Quand j'étais jeune, et longtemps pendant mon adolescence encore, je ne me suis pas senti à ma place, différent, en décalage. Je crois que c'est quelque chose d'assez répandu quand on devient adulte, qu'on cherche sa place.
Cependant cela a continué plus tard, 20 ans, 30 ans, 40 ans même.
Pas à ma place dans le monde, pas à ma place dans notre société, pas à ma place avec les gens de mon age, pas à ma place dans les choix qui étaient faits pour moi, en politique, en matière sociale, en relation humaine. Cela a créé le vide autour de moi, cela m'a rendu plus solitaire.
Charles Peguy disait “L'homme qui est poète à vingt ans n'est pas poète, il est homme ; s'il est poète après vingt ans, alors il est poète.” alors je me disais que c'était sûrement ma condition d'artiste, ma fibre familiale, ma différence.
Sans âge.
Et cette différence, même si elle m'a fait souffrir et me fait encore souffrir par le sentiment d'être “hors du temps” qu'elle engendre, je l'ai cultivé, j'ai souhaité en faire une force, une fierté, une valeur.
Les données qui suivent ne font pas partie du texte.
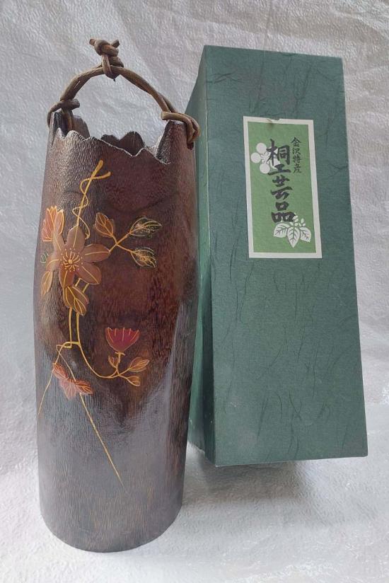 แจกันไม้ธรรมชาติ ต้นจักรพรรดินี (Empress Tree) เป็นงานฝีมือจากคานาซาวะ เพ็นลายทอง หูร้อยด้วยหวาย สวยๆ สูง 13 นิ้ว กว้าง 5 นิ้ว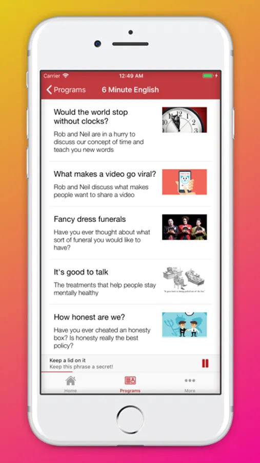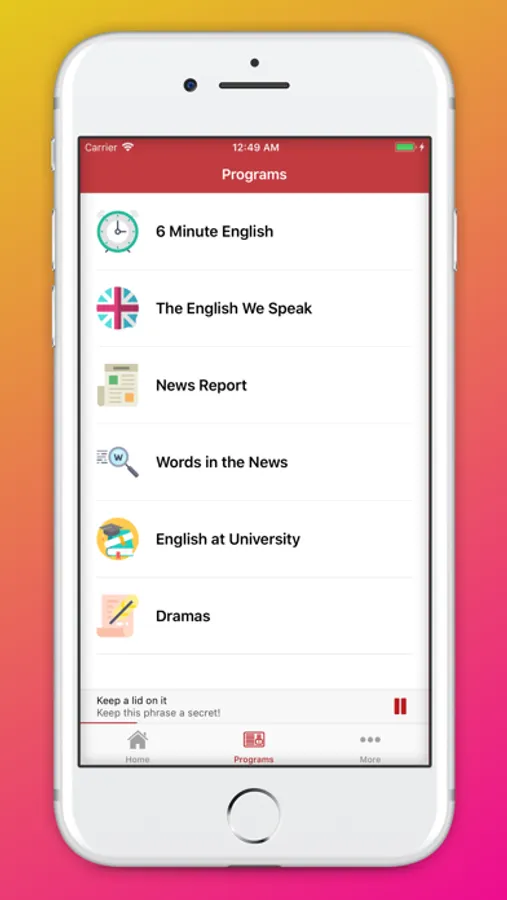 By listening, reading and practicing each day in this app, you can improve your english skills dramatically.

Politiquement, socialement, mon “décalage politique” n'a cessé de croître ces dernières années, n'a cessé de me mettre en rage en voyant le résultat des élections, en voyant les décisions applaudies par une démocratie exsangue… J'étais pessimiste, j'étais inquiet pour le futur.
Et puis, j'ai vu naître, grandir, prendre des forces, les nouvelles générations, j'ai vu de nouveaux discours, j'ai vu l'opposition qu'on leur opposait, j'ai entendu de nouvelles pensées, de nouvelles façons de concevoir le monde et le décalage béant avec l'ancien monde.
J'ai compris qu'il agonisait.
Que ce monde que je n'aimais pas, dans lequel je n'avais jamais eu ma place mourrait.
J'ai cessé d'avoir peur.
J'ai cessé de m'inquiéter.
Jeunesse qui me lisez, il y aura encore quelques années difficiles, il y aura encore quelques élections perdues, quelques soubresauts de ce vieux monde qui ne veut pas mourir mais mourra tout de même : vous êtes là et vous avez déjà gagné.
Vous ne le savez peut-être pas mais je le sais, je le vois, je le sens.
Le nouveau monde arrive.
Ce sera le vôtre.
Peut-être pas mieux, peut-être pas pire mais ce sera celui que j'aurais rêvé d'avoir à 20 ans.
Vous l'avez mérité.
Ne perdez espoir en rien et ne lâchez rien.